Данилов без возражения, с охотой кинулся отыскивать все, что могло найтись у них, чтобы укрыть Иволгина.

– Завари-ка ему сбитню, что ли, – снова приказал князь Борис.

Кузьма и сбитень заваривать пошел так же охотно.

Благодаря распоряжениям князя и стараниям Данилова Иволгин сравнительно очень скоро окончательно оправился, с жадностью пил сбитень, заедая его хлебом и глотая, едва прожевывая, куски холодного жареного мяса, оставшиеся от обеда Чарыкова.

Князь отошел в сторону и сел с книгою, изредка взглядывая на оправившегося, насколько было возможно, Иволгина, сам, собственно, недоумевая, что произошло, и решительно не понимая, зачем он и Данилов оттерли и вернули к жизни эту каналью. Но, несмотря на это свое недоумение, он чувствовал, что, если бы ему пришлось сейчас начинать возню с Иволгиным, он опять начал бы ее.

А Иволгин, стараясь сделать движение, которым колотят себя в грудь, воскликнул:

– Блажен, иже и скоты милует! Я перед вами скотом был, скотом как есть писаным, и погибель готовил, а вы меня помиловали, отогрели и показали, что жив Бог в человеке… Именно Он внушил мне прийти сюда к вам, чтобы я, скот недостойный, мог узреть милость Его. Так и вышло. Не отвергли вы меня, не отвергли, а откормили и насытили.

Голос Иволгина дрожал, на глазах появлялись слезы, и он, вследствие торжественной минуты видимо, старался говорить, подделываясь под язык священных рассказов.

Князь Борис слушал его невнимательно, не то чтобы не веря его льстивым словам и восторженному состоянию, но как-то чувствуя себя неловко при излиянии благодарности этого недавнего предателя. Данилов же, как только Иволгин пришел в себя, насупился и, сердито ворча под нос, хлопотал, убирая вещи, не взглядывая в сторону спасенного, как будто его тут и не было.

– То есть теперь, – продолжал Иволгин, опять шевеля руками и подымая взор к небу, – клятву даю, такую клятву, чтобы провалиться мне в преисподнюю, если я не заслужу этой самой милости, какую вы оказали мне здесь!.. Сколько моего века хватит, всю жизнь свою определю на то, чтобы послужить вам… Слуга я вам покорный, то есть такой слуга, который не продаст и не выдаст… никогда не выдаст!.. Клятву даю… Провались я в преисподнюю!..

Мало-помалу голос его слабел, веки опускались, язык заплетался. Теплота и утомление голода давали себя чувствовать, и Иволгин наконец умолк, задышав ровно и мерно и засопев носом.

– Уснул, дьявол! – проговорил Данилов и пошел готовить сбитень для князя.

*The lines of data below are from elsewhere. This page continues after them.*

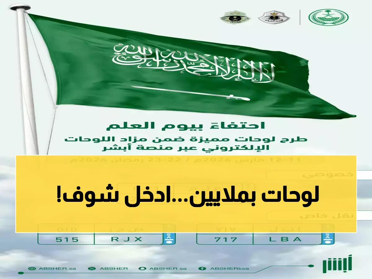 أطلقت منصة أبشر ثلاث لوحات سيارات نادرة فقط ضمن مزاد إلكتروني ينتهي في مساء الخميس، 12 مارس 2026، وذلك بمناسبة يوم العلم السعودي، في منافسة حاسمة تستمر أقل من يومين.
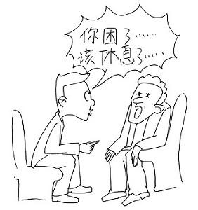 说着说着,这个人就真的无精打彩了。他困了。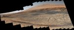Stitched together from 116 images, this view captured by NASA's Curiosity Mars rover shows the path it will take in the summer of 2020 as it drives to the "sulfate-bearing unit," the next layer it will be investigating on the 3-mile-tall (5-kilometer-tall) Mount Sharp. Curiosity has to drive around a large sand patch in order to reach a place where it can ascend to the sulfate-rich region. The upper part of the mountain looms at the top image. The images were taken by the rover's Mast Camera, or Mastcam, on Jan. 10, 2020, the 2,641st Martian day, or sol, of the mission.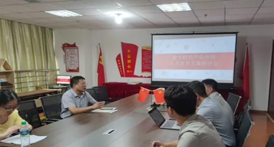 为进一步深化校企合作发展,提升人才培养质量,9月14日上午,72886必赢网站财经学院与用友新道科技股份有限公司共同召开数字财经产业学院人才培养方案研讨会。财经学院院长王雄军、财务管理教研室主任唐衍彬、用友新道科技股份有限公司江西分公司副总王文江,用友新道教育板块副总裁王文德及财经学院会计学和财务管理专职老师、教务老师等参加会议。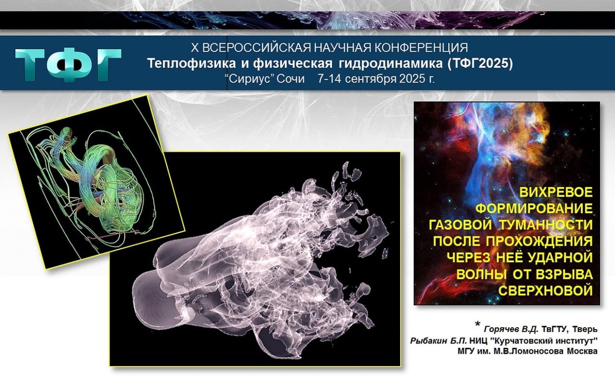 ⭐️ Профессор ТвГТУ представил доклад на Всероссийской конференции «Теплофизика и физическая гидродинамика» Заведующий кафедрой высшей математики ТвГТУ профессор Горячев Валерий Дмитриевич принял участие в X Всероссийской научной конференции «Теплофизика и физическая гидродинамика» (ТФГ2025). Конференция, посвященная фундаментальным проблемам современной теплофизики и гидрогазодинамики, проходила с 7 по 14 сентября 2025 года в Сочи. Валерий Горячев представил в секции «Численные методы, методы искусственного интеллекта в теплофизике и гидрогазодинамике» научный доклад под названием «Вихревое формирование газовой туманности после прохождения через неё ударной волны от взрыва сверхновой». В работе проанализированы результаты математического моделирования вихревого формирования галактических туманностей во Вселенной и изменения в их морфологии при временной эволюции. Выявлена динамика спиральной турбулентности в образовании фрагментов облаков, особого состояния, при котором наблюдается

Это происшествие с И Волгиным вдруг как-то хорошо подействовало на настроение Чарыкова-Ордынского. Бояться теперь со стороны спасенного предателя каких-либо подвохов не было основания, потому что он оказывался уже совершенно бессильным и ради того уже, чтобы существовать, должен был вполне подчиниться князю Борису.

На другой день, проснувшись утром после шестнадцатичасового сна, Иволгин, снова повторив все свои клятвы и уверения, выказал такую готовность к беспредельной преданности, что Чарыков-Ордынский решился оставить его. К тому же тот знал многое, начиная с образа жизни герцога-регента и многих вельмож и кончая характером их и характером взаимных их отношений, а эти сведения могли принести пользу для дела, занимавшего теперь Чарыкова.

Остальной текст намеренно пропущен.